WHAT IS EXPECTED → Transcribe the data exactly, pictures excluded.

PROVIDED MATERIAL →

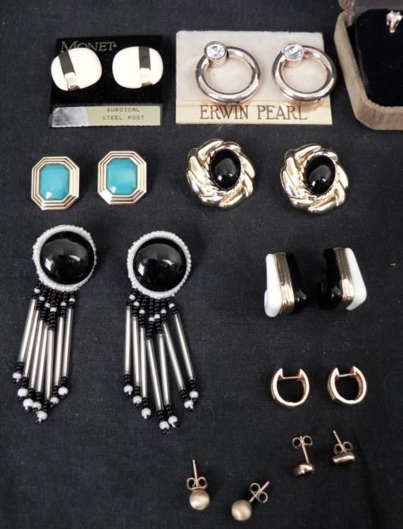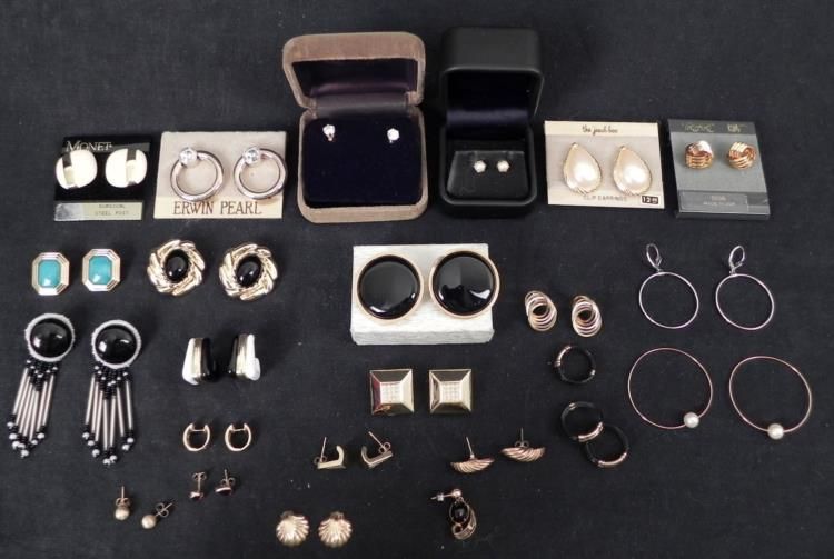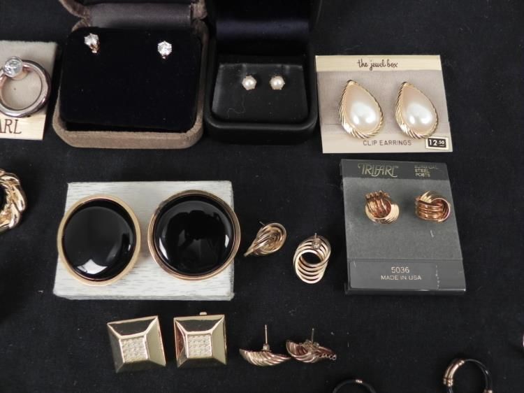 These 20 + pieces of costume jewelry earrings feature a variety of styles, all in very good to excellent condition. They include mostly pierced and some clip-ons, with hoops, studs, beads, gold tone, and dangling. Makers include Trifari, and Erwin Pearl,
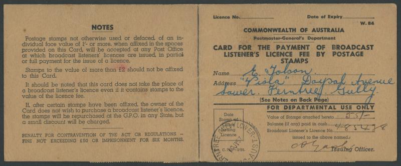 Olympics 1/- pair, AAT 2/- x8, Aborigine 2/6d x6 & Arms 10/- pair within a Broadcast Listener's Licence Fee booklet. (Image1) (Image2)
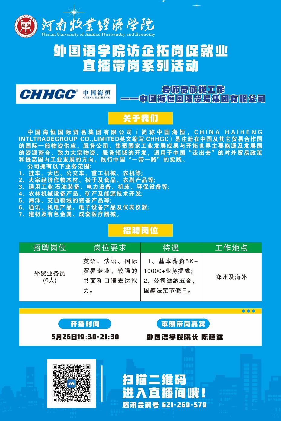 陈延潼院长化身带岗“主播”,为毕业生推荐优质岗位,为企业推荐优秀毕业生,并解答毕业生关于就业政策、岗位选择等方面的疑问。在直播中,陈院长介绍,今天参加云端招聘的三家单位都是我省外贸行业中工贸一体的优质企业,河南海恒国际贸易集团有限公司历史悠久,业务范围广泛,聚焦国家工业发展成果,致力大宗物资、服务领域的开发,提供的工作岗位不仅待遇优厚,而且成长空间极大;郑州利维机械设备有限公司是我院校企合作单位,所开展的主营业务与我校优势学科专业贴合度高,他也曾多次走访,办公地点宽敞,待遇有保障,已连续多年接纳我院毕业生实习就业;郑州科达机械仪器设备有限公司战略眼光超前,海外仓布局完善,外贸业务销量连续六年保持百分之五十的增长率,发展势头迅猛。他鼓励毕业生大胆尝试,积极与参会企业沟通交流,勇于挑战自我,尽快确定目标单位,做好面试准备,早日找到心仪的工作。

TASK RESPONSE →
 These 20 + pieces of costume jewelry earrings feature a variety of styles, all in very good to excellent condition. They include mostly pierced and some clip-ons, with hoops, studs, beads, gold tone, and dangling. Makers include Trifari, and Erwin Pearl,
 Olympics 1/- pair, AAT 2/- x8, Aborigine 2/6d x6 & Arms 10/- pair within a Broadcast Listener's Licence Fee booklet. (Image1) (Image2)
 陈延潼院长化身带岗“主播”,为毕业生推荐优质岗位,为企业推荐优秀毕业生,并解答毕业生关于就业政策、岗位选择等方面的疑问。在直播中,陈院长介绍,今天参加云端招聘的三家单位都是我省外贸行业中工贸一体的优质企业,河南海恒国际贸易集团有限公司历史悠久,业务范围广泛,聚焦国家工业发展成果,致力大宗物资、服务领域的开发,提供的工作岗位不仅待遇优厚,而且成长空间极大;郑州利维机械设备有限公司是我院校企合作单位,所开展的主营业务与我校优势学科专业贴合度高,他也曾多次走访,办公地点宽敞,待遇有保障,已连续多年接纳我院毕业生实习就业;郑州科达机械仪器设备有限公司战略眼光超前,海外仓布局完善,外贸业务销量连续六年保持百分之五十的增长率,发展势头迅猛。他鼓励毕业生大胆尝试,积极与参会企业沟通交流,勇于挑战自我,尽快确定目标单位,做好面试准备,早日找到心仪的工作。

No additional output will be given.